- _Work instruction_
Keep the pictures out of your copy. Transcribe the records below exactly.

- _Records from a dataset_
=== Begin Enclosure ===
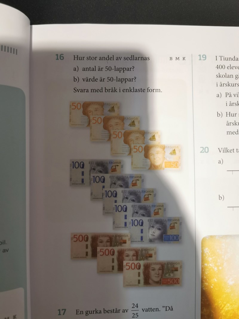 Jag behöver hjälp med att förstå uppgift 16 b. Jag kan att svaret är 1/11 (kollade facist) och jag räknade genom att see hur mycket värde alla 50 lappar har som e 200kr delat på 2200kr (alla pengarnas värde sammanlagt) 2200/200 som blev 11. Då frågade jag min storebror för hjälp och han vände på uttrycket och gjorde istället 200/2200 och jag fattar inte varför (han kan inte heller förklara)
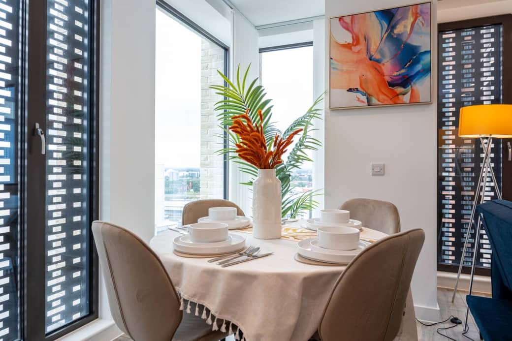 Discover the comfort of our pet-friendly 2-bedroom rental at Smithstone Property, perfectly situated near the station for easy city access. Perfect for 5 guests to enjoy a prime location with easy and exceptional view from the 13th Floor access to iconic landmarks Etihad Stadium & Manchester Regional Arena
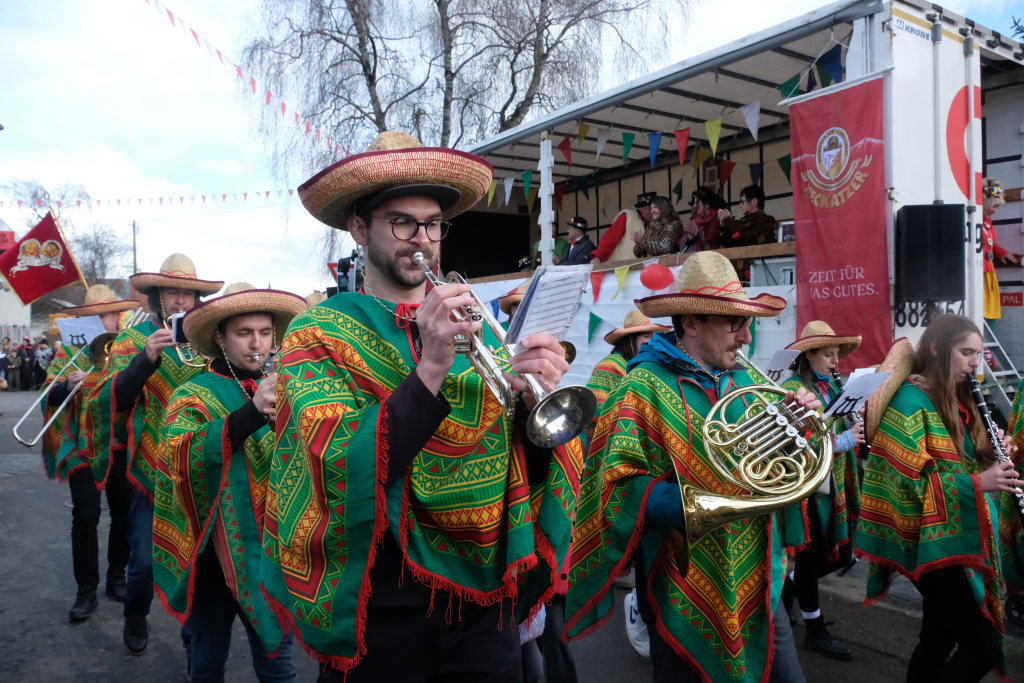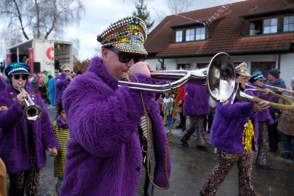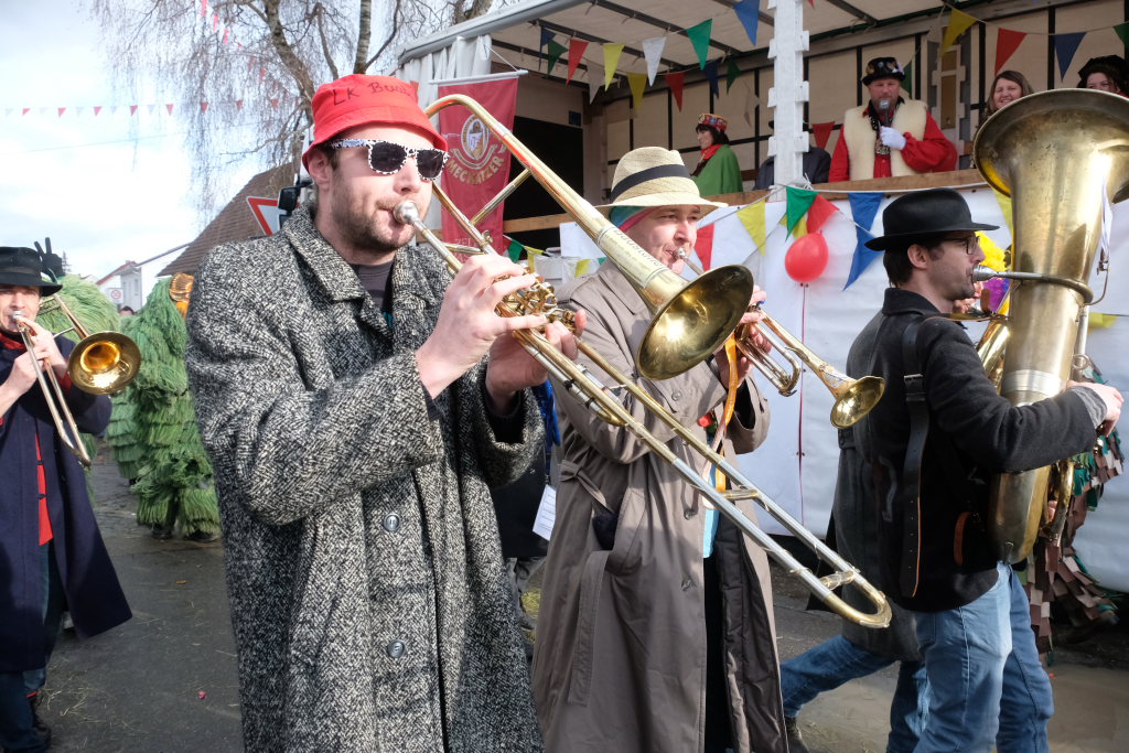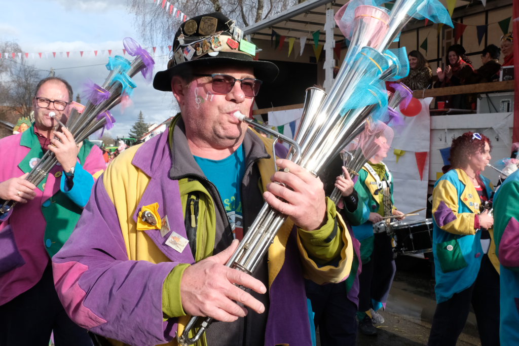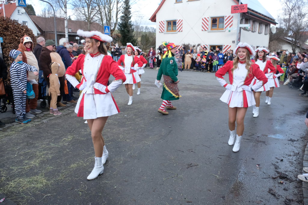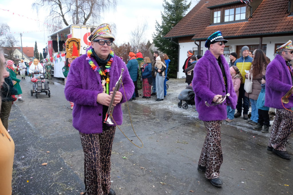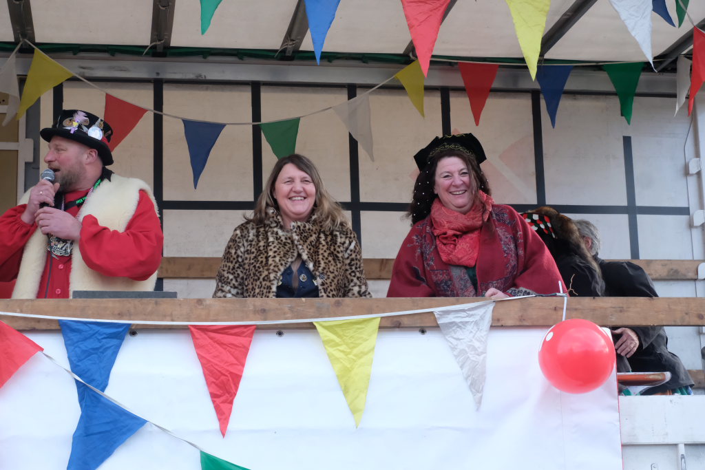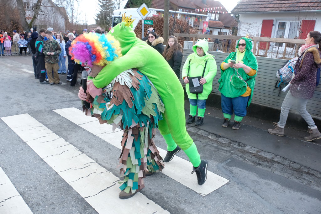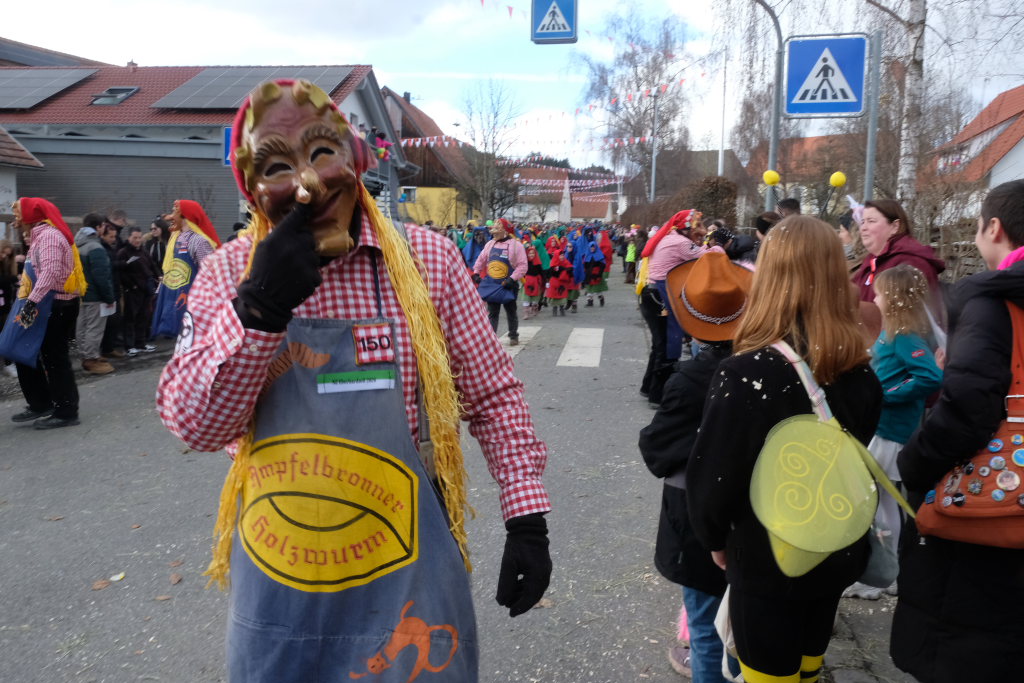 Haidgau – Beim diesjährigen Narrensprung haben die Verantwortlichen der Haidgauer Zunft bewusst die Bremse gezogen, nachdem beim Jubiläum im Vorjahr alle ANR-Zünfte eingeladen werden mussten. Mit 48 Umzugspositionen war er deutlich kürzer als im Vorjahr. Gleichgeblieben aber ist der hohe Unterhaltungswert, den Günther „Turbo“ Angele und Alex Wild – in diesem Jahr als Clowns getarnt – als Moderatoren und Ansagern den zahlreichen Besuchern und den Ehrengästen auf der zur Ehrentribüne umgestalteten LKW-Pritsche boten.
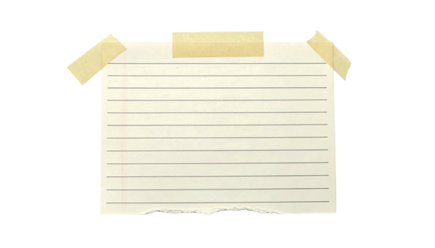 Lined paper affixed to a background with tape, torn edge at the bottom
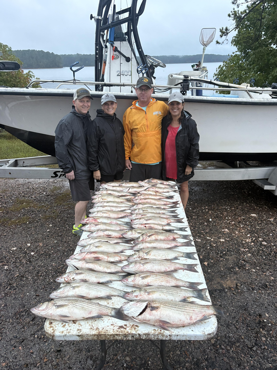 One for the books today! Michael and their crew joined us for an early morning fall striper fishing trip on Clarks Hill Lake. We launched at 7:00 am with partly cloudy skies and storms possible throughout the day. The water conditions on Lake Strom Thurmond were perfect for our Striper Fishing Trip with Reel N Time Fishing Charters! Once the stage was set, we worked multiple techniques to target the stripers. Started with trolling to cover water and locate active fish, then switched between bottom fishing and jigging when we marked schools. Clarks Hill Lake is prime territory for this kind of fishing - the structure and depth changes make it perfect for trolling patterns, and when the stripers are holding deep, bottom fishing and jigging really produce. We put together a solid box with Striped Bass, White Bass, and some nice Wiper throughout the morning and afternoon. The crew stayed busy with steady action, and we wrapped up with smiles all around and coolers full of fish! Y'all looking to get on some serious striper action? Clarks Hill Lake fishing is on fire right now, and our Striper Fishing Trip On Clarks Hill Lake 6 Hour Striper Charter Trip puts you right in the thick of it! We run these striper charters year-round from Thomson GA, and fall fishing has been absolutely incredible. Whether you want to troll the main lake or work structure with bottom rigs and jigs, we've got the techniques dialed in. Lake Strom Thurmond holds some of the best striped bass, white bass, and hybrid fishing in the region. Book your trip with Reel N Time Fishing Charters and let us put you on the fish! These stripers aren't going to catch themselves, and we know exactly where to find them. Give us a call and let's get your crew out there for some fast action striper fishing!
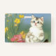 Crachá com uma ilustração adorável de gatinho. Um gatinho branco com listras pretas e olhos grandes se senta sobre suas pernas traseiras em um jardim de flores cor-de-rosa, amarelas e brancas. Um presente maravilhoso para amantes de gatos e entusiastas de arte vitorianos!
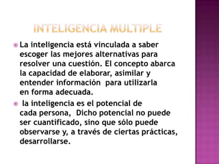 El documento describe las 9 inteligencias múltiples identificadas por Howard Gardner: lingüística, lógico-matemática, musical, espacial, cinético-corporal, interpersonal, intrapersonal, naturalista. Cada inteligencia se define brevemente y se dan ejemplos de cómo pueden desarrollarse.
=== End Enclosure ===
- _Result of the task_
 Jag behöver hjälp med att förstå uppgift 16 b. Jag kan att svaret är 1/11 (kollade facist) och jag räknade genom att see hur mycket värde alla 50 lappar har som e 200kr delat på 2200kr (alla pengarnas värde sammanlagt) 2200/200 som blev 11. Då frågade jag min storebror för hjälp och han vände på uttrycket och gjorde istället 200/2200 och jag fattar inte varför (han kan inte heller förklara)
 Discover the comfort of our pet-friendly 2-bedroom rental at Smithstone Property, perfectly situated near the station for easy city access. Perfect for 5 guests to enjoy a prime location with easy and exceptional view from the 13th Floor access to iconic landmarks Etihad Stadium & Manchester Regional Arena
 Haidgau – Beim diesjährigen Narrensprung haben die Verantwortlichen der Haidgauer Zunft bewusst die Bremse gezogen, nachdem beim Jubiläum im Vorjahr alle ANR-Zünfte eingeladen werden mussten. Mit 48 Umzugspositionen war er deutlich kürzer als im Vorjahr. Gleichgeblieben aber ist der hohe Unterhaltungswert, den Günther „Turbo“ Angele und Alex Wild – in diesem Jahr als Clowns getarnt – als Moderatoren und Ansagern den zahlreichen Besuchern und den Ehrengästen auf der zur Ehrentribüne umgestalteten LKW-Pritsche boten.
 Lined paper affixed to a background with tape, torn edge at the bottom
 One for the books today! Michael and their crew joined us for an early morning fall striper fishing trip on Clarks Hill Lake. We launched at 7:00 am with partly cloudy skies and storms possible throughout the day. The water conditions on Lake Strom Thurmond were perfect for our Striper Fishing Trip with Reel N Time Fishing Charters! Once the stage was set, we worked multiple techniques to target the stripers. Started with trolling to cover water and locate active fish, then switched between bottom fishing and jigging when we marked schools. Clarks Hill Lake is prime territory for this kind of fishing - the structure and depth changes make it perfect for trolling patterns, and when the stripers are holding deep, bottom fishing and jigging really produce. We put together a solid box with Striped Bass, White Bass, and some nice Wiper throughout the morning and afternoon. The crew stayed busy with steady action, and we wrapped up with smiles all around and coolers full of fish! Y'all looking to get on some serious striper action? Clarks Hill Lake fishing is on fire right now, and our Striper Fishing Trip On Clarks Hill Lake 6 Hour Striper Charter Trip puts you right in the thick of it! We run these striper charters year-round from Thomson GA, and fall fishing has been absolutely incredible. Whether you want to troll the main lake or work structure with bottom rigs and jigs, we've got the techniques dialed in. Lake Strom Thurmond holds some of the best striped bass, white bass, and hybrid fishing in the region. Book your trip with Reel N Time Fishing Charters and let us put you on the fish! These stripers aren't going to catch themselves, and we know exactly where to find them. Give us a call and let's get your crew out there for some fast action striper fishing!
 Crachá com uma ilustração adorável de gatinho. Um gatinho branco com listras pretas e olhos grandes se senta sobre suas pernas traseiras em um jardim de flores cor-de-rosa, amarelas e brancas. Um presente maravilhoso para amantes de gatos e entusiastas de arte vitorianos!
 El documento describe las 9 inteligencias múltiples identificadas por Howard Gardner: lingüística, lógico-matemática, musical, espacial, cinético-corporal, interpersonal, intrapersonal, naturalista. Cada inteligencia se define brevemente y se dan ejemplos de cómo pueden desarrollarse.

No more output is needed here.